4. The provident fund loan amount is not enough to pay the house payment

When the provident fund loan is not enough to pay the house payment, a combination loan, that is, a provident fund loan commercial loan model can be used to solve the problem of house purchase funds. . It is recommended not to choose a purely commercial loan. Commercial loans not only have higher interest rates than provident fund loans, but also cannot enjoy provident fund loans.

5. Long-term commercial insurance payment

If you have a policy with cash function and the insurance payment period is more than 1 year, you can also quickly get a loan with the policy . Generally, the policy loan amount is about 80% of the policy value; the loan interest rate is relatively low. Generally, the bank's 6-month loan interest rate will rise slightly by a small amount, about 5-6. The loan arrival time is generally 1-3 days, which is relatively fast.

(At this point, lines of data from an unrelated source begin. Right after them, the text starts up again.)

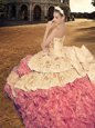 Home >  Quinceanera Dresses >  Custom Made Quinceanera Dresses > Deluxe With Train Pink And White Sweet 16 Dress Sweetheart Sleeveless Court Train Lace Up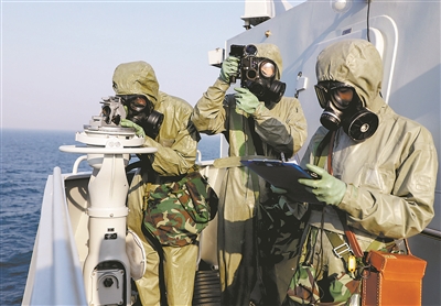 官兵在全防護狀態(tài)下進行實戰(zhàn)化訓練。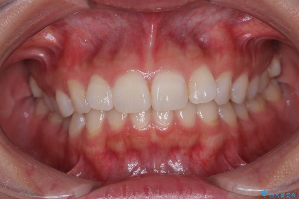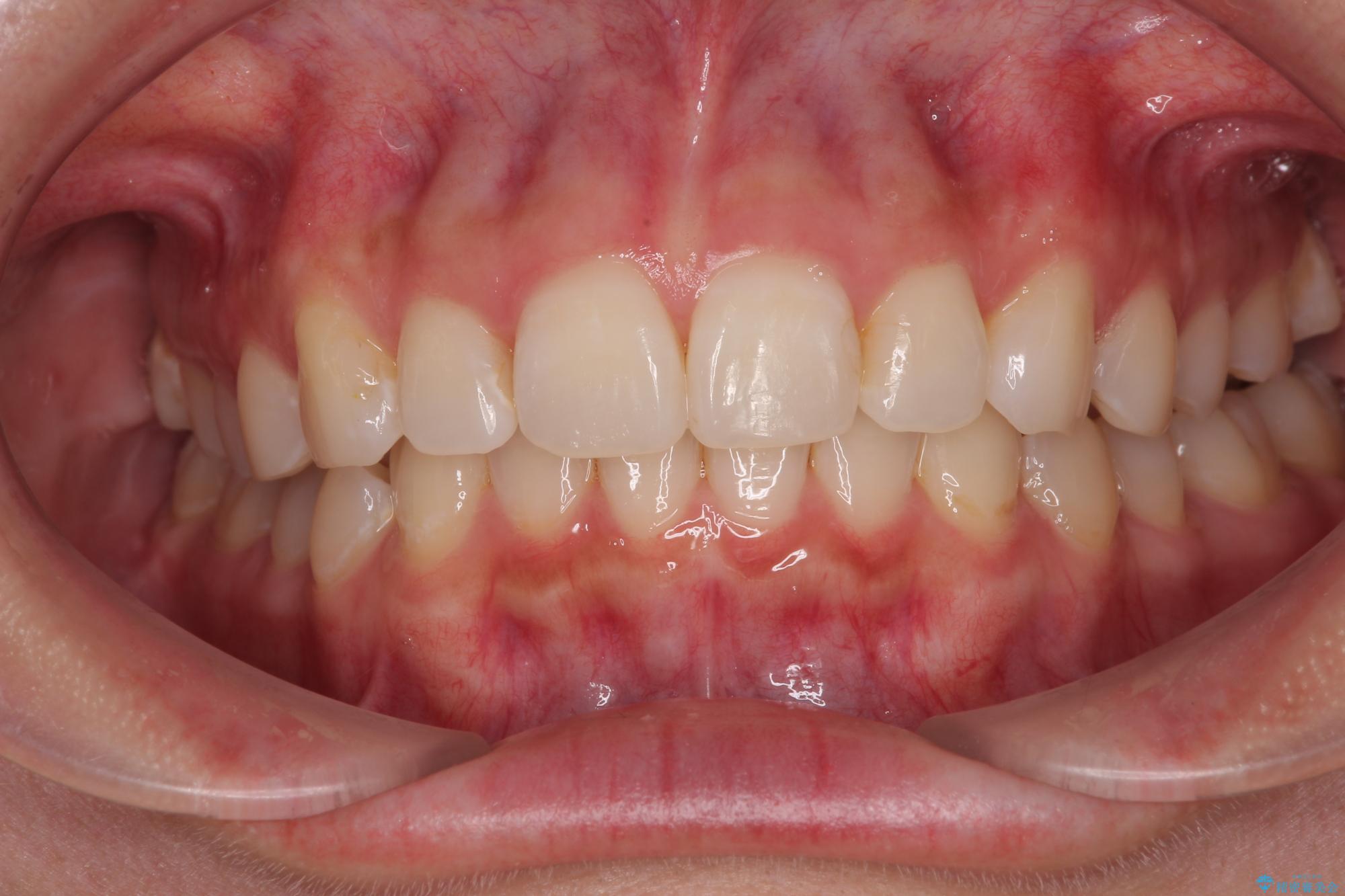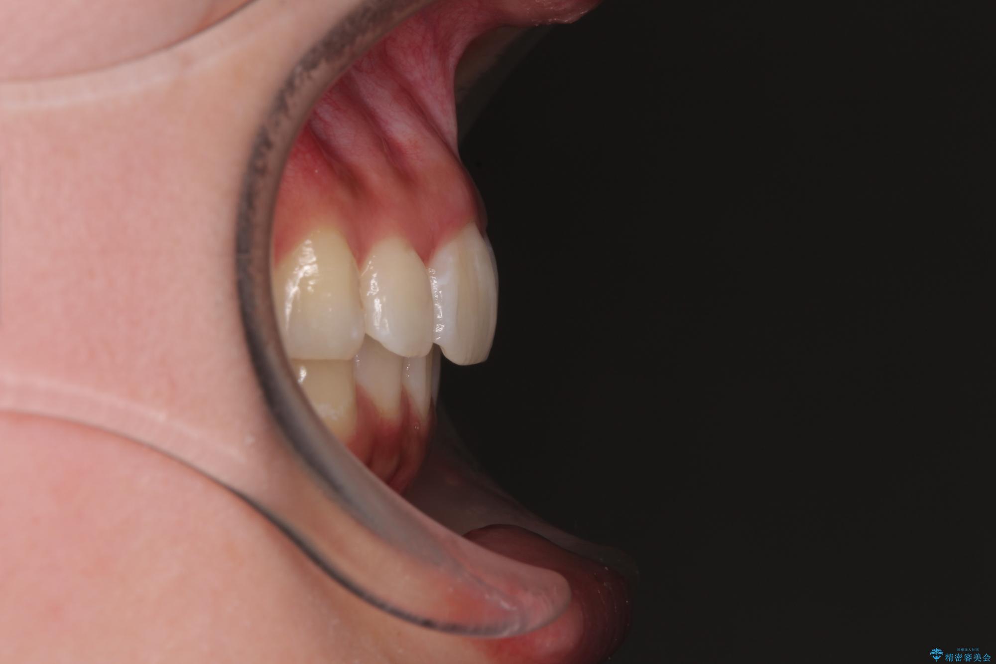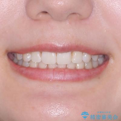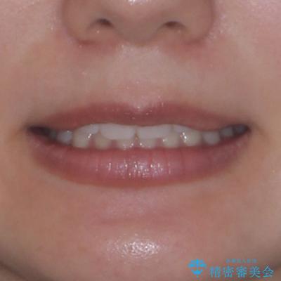 前歯の捻れを改善するとともに、口元が少しでも引っ込むように治療計画を立て、仕上げることができました。

In addition, we must make these preparations:

1. Clarify the purpose and term of the loan

The loan must have a clear purpose, tens of millions of dollars Don't be blind. Clarifying the purpose and term of the loan is, on the one hand, to select an appropriate loan amount and select the appropriate amount based on the actual purpose to make the loan just right. On the other hand, in order to calculate the input-output ratio of the loan, only by borrowing within what you can afford can you improve the efficiency of the loan.

(1) Short-term emergency

Short-term emergency, such as payment for goods, repayment when due, payment of employee wages, etc., generally within two months.

(2) Operating loans

The operating loans here mainly refer to the purpose of the loans being used for operations and for investment to obtain corresponding returns.

(3) Project loans

Project loans refer to investment projects with a relatively long cycle, usually more than two years.

2. Self-assessment

Many customers may encounter this situation. They have tried many lending institutions, only to be rejected. This not only wastes a lot of manpower and material resources, but also Affects loan programs. This is because different loan products have different requirements for borrowers. Even for the same type of loan product, different lending institutions have very different requirements for borrowers. Therefore, borrowers must understand their own loan qualifications and the requirements of the lending institution, so as to find some loan methods that suit them.

3. Loan interest

Speaking of loan interest, everyone knows that the lower the loan interest, the better. However, some loan products have very low annual interest rates but high monthly payments. This is because, in addition to the annual interest rate, some loan products also have one-time charges, monthly management fees, etc. Therefore, when choosing loan products, you should also pay more attention to these issues.

4. Make a repayment plan

If we successfully get the loan, of course we will plan to repay it. Repaying your loan on time can build a good credit for yourself, which will be of great help in applying for loans or other things in the future.

Finally, Dr. Kang reminds everyone: You must choose a formal and reliable institution, shop around, and strive to obtain the maximum available funds at the lowest cost. Don’t fall into the loan trap by coveting low interest rates and high loan limits.